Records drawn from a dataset
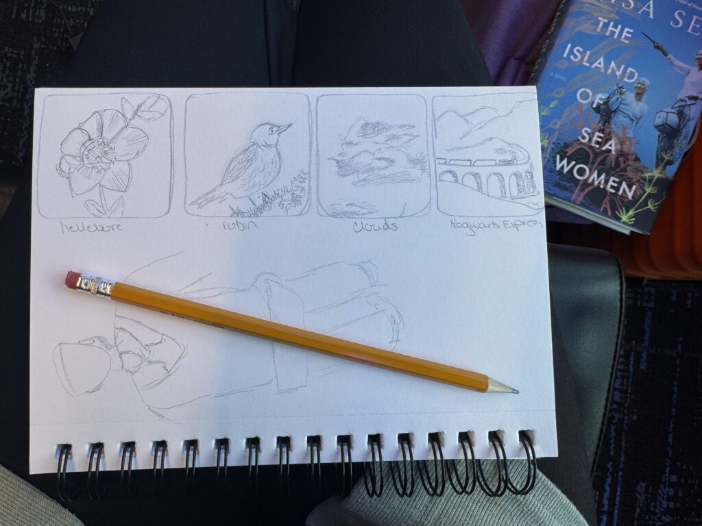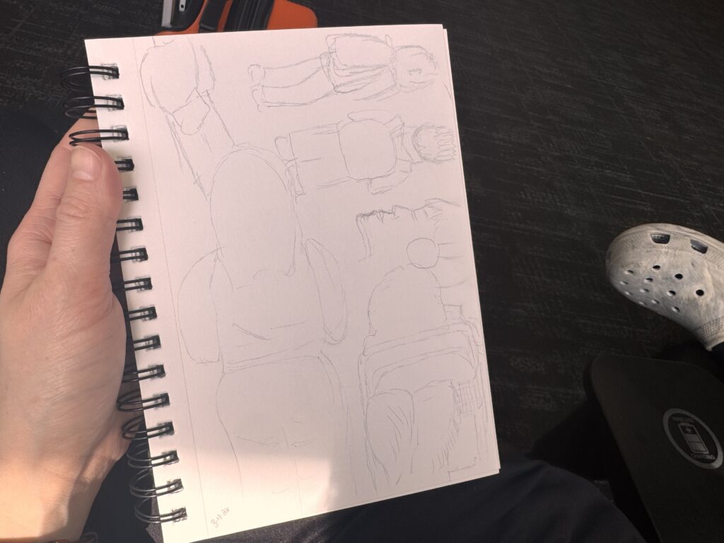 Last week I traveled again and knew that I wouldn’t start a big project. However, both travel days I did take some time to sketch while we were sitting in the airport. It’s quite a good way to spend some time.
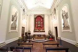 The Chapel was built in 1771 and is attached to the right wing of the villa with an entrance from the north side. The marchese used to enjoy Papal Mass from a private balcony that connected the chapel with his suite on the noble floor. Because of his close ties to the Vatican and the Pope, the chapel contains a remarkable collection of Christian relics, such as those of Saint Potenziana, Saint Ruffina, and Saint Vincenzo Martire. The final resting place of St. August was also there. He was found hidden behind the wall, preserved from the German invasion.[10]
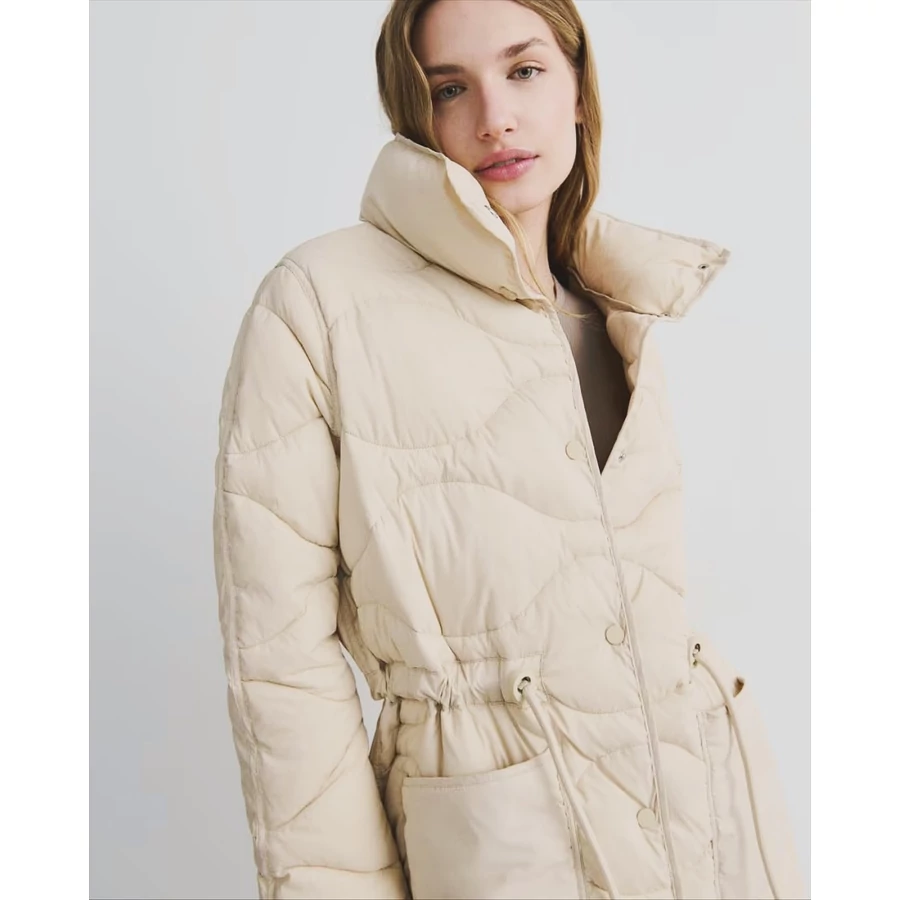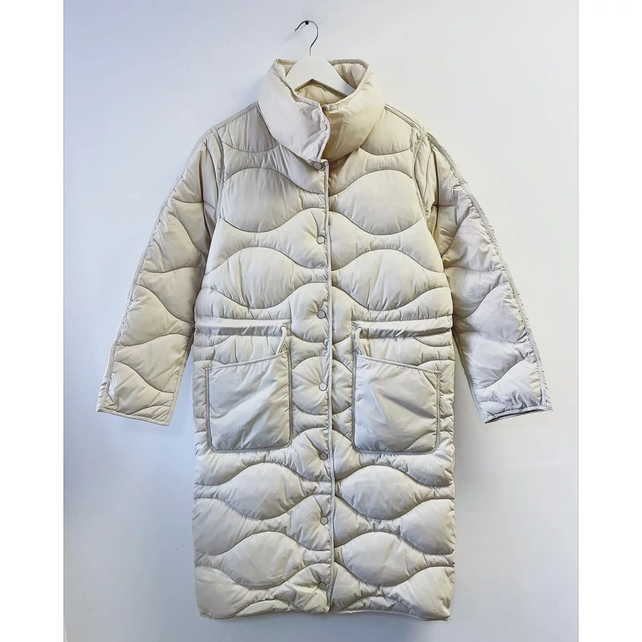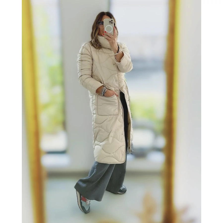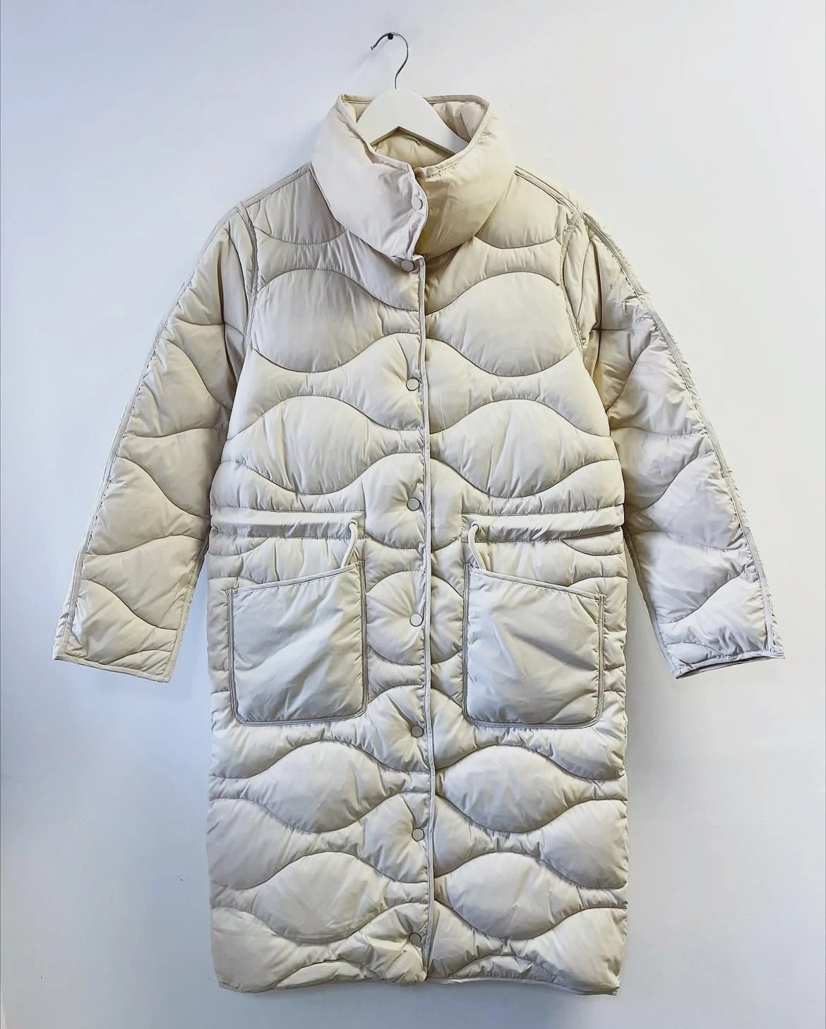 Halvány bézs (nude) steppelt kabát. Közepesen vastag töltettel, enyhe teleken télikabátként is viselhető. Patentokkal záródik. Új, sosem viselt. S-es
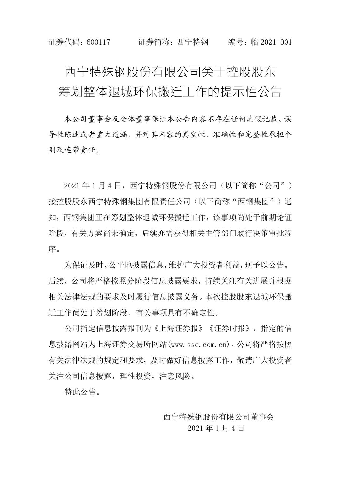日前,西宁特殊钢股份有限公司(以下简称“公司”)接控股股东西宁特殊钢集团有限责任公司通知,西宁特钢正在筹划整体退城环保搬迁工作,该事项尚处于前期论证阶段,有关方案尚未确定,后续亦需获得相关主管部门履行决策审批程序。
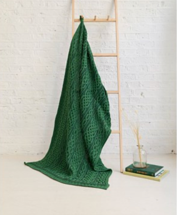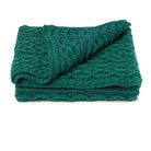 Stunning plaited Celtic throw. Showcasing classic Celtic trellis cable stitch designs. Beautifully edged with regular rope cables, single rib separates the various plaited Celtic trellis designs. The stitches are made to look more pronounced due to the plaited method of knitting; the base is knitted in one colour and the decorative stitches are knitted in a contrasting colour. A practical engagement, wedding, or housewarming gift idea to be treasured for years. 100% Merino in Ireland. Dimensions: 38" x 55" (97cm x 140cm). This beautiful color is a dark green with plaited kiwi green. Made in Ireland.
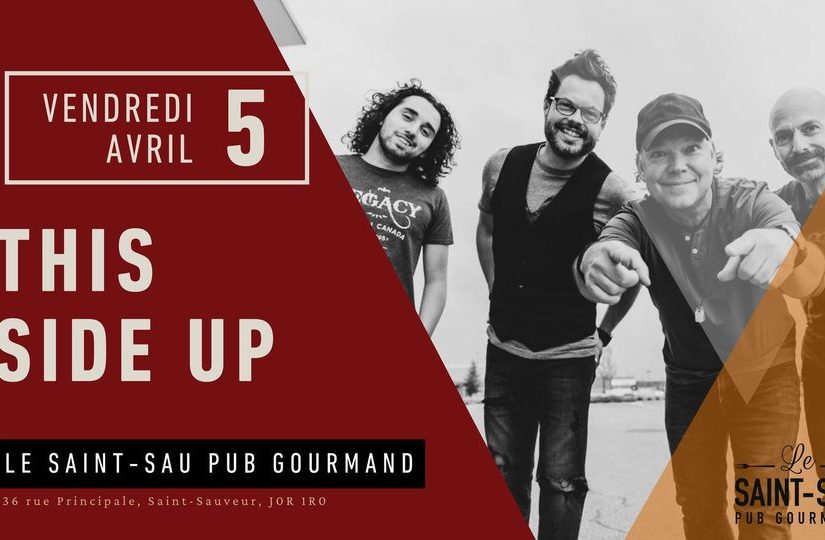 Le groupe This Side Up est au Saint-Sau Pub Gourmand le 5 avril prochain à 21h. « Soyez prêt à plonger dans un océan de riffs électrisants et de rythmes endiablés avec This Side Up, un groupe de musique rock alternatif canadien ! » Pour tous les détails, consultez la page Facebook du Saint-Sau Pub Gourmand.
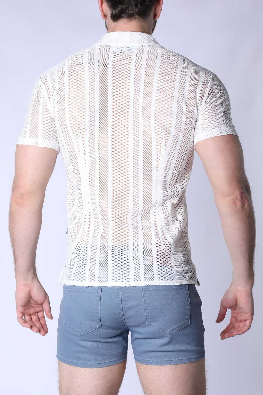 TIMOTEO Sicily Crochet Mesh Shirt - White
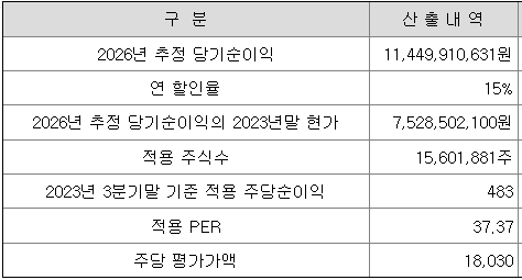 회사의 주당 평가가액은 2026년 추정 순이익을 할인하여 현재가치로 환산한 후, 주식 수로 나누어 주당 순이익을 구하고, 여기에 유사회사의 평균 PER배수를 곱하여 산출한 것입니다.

* [EXERCISE DETAILS]: Return an exact transcription of the entries above, excluding each image.

* [RESULT OF THE TASK]:
 Last week I traveled again and knew that I wouldn’t start a big project. However, both travel days I did take some time to sketch while we were sitting in the airport. It’s quite a good way to spend some time.
 The Chapel was built in 1771 and is attached to the right wing of the villa with an entrance from the north side. The marchese used to enjoy Papal Mass from a private balcony that connected the chapel with his suite on the noble floor. Because of his close ties to the Vatican and the Pope, the chapel contains a remarkable collection of Christian relics, such as those of Saint Potenziana, Saint Ruffina, and Saint Vincenzo Martire. The final resting place of St. August was also there. He was found hidden behind the wall, preserved from the German invasion.[10]
 Halvány bézs (nude) steppelt kabát. Közepesen vastag töltettel, enyhe teleken télikabátként is viselhető. Patentokkal záródik. Új, sosem viselt. S-es
日前,西宁特殊钢股份有限公司(以下简称“公司”)接控股股东西宁特殊钢集团有限责任公司通知,西宁特钢正在筹划整体退城环保搬迁工作,该事项尚处于前期论证阶段,有关方案尚未确定,后续亦需获得相关主管部门履行决策审批程序。
 Stunning plaited Celtic throw. Showcasing classic Celtic trellis cable stitch designs. Beautifully edged with regular rope cables, single rib separates the various plaited Celtic trellis designs. The stitches are made to look more pronounced due to the plaited method of knitting; the base is knitted in one colour and the decorative stitches are knitted in a contrasting colour. A practical engagement, wedding, or housewarming gift idea to be treasured for years. 100% Merino in Ireland. Dimensions: 38" x 55" (97cm x 140cm). This beautiful color is a dark green with plaited kiwi green. Made in Ireland.
 Le groupe This Side Up est au Saint-Sau Pub Gourmand le 5 avril prochain à 21h. « Soyez prêt à plonger dans un océan de riffs électrisants et de rythmes endiablés avec This Side Up, un groupe de musique rock alternatif canadien ! » Pour tous les détails, consultez la page Facebook du Saint-Sau Pub Gourmand.
 TIMOTEO Sicily Crochet Mesh Shirt - White
 회사의 주당 평가가액은 2026년 추정 순이익을 할인하여 현재가치로 환산한 후, 주식 수로 나누어 주당 순이익을 구하고, 여기에 유사회사의 평균 PER배수를 곱하여 산출한 것입니다.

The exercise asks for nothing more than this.